A brand-new golden file (no
```
git HEAD
```
baseline) is silently skipped by the comparison script with a warning. Subtract these from the file count when reporting "files with baseline".
Steps where
```
|old|
```
is below
```
1e-12
```
are excluded from the average — division blows up there (think
```
num-zeros
```
step 0 on a dense model, or
```
mem-*
```
before allocation). If every shared step is excluded for a metric, that
```
(file, metric)
```
row is omitted entirely.
Some artifacts have a literal string
```
"nan"
```
in step 1 of
```
iteration-time
```
; the comparison script filters those out, so other steps for that metric still contribute. Don't flag
```
iteration-time
```
as a correctness problem unless something else also moved.
The script's filename is
```
compare_golden_values_kl.py
```
for legacy reasons; it no longer computes KL divergence. The function and CSV column names reflect what it actually does (
```
avg_rel_diff
```
).
Never commit
```
GITHUB_TOKEN
```
,
```
RO_API_TOKEN
```
, or any value derived from
```
gh auth token
```
. If the user wants you to commit, only stage golden-value files and the optional CSV — not the env or the venv.

下载脚本的
```
_fetch_and_filter_artifacts
```
仅在GitHub路径中遵循
```
--only-failing
```
参数。
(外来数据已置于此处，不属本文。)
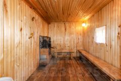 Баня оборудована комнатой отдыха, помывочной и парилкой.
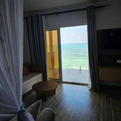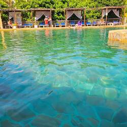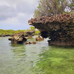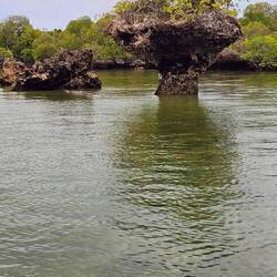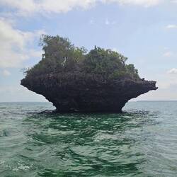 Aujourd'hui nous avons pris la pirogue locale pour nous rendre dans le restaurant typique à zanzibar "THE ROCK"avec seulement 16 places....on y accede part marée basse a pied ou en bateaux parLes mer

Gitlab路径在
```
download_from_gitlab
```
中按任务应用该参数。
全新的基准值文件（无
```
git HEAD
```
基线）会被对比脚本静默跳过并发出警告。在报告“有基线的文件”数量时需减去这些文件。
```
|old|
```
低于1e-12的步骤会被排除在平均值计算之外——此处除法会溢出（例如密集模型第0步的
```
num-zeros
```
，或分配前的
```
mem-*
```
）。如果某个指标的所有共享步骤都被排除，则对应的
```
(file, metric)
```
行会被完全省略。
部分工件的
```
iteration-time
```
第1步包含字符串
```
"nan"
```
；对比脚本会过滤这些值，因此该指标的其他步骤仍会参与计算。除非还有其他指标变化，否则不要将
```
iteration-time
```
标记为正确性问题。
脚本文件名
```
compare_golden_values_kl.py
```
是历史遗留命名；它已不再计算KL散度。函数和CSV列名反映了其实际功能（
```
avg_rel_diff
```
）。
切勿提交
```
GITHUB_TOKEN
```
、
```
RO_API_TOKEN
```
或任何从
```
gh auth token
```
衍生的值。如果用户要求提交，仅暂存基准值文件和可选的CSV——不要提交环境配置或虚拟环境。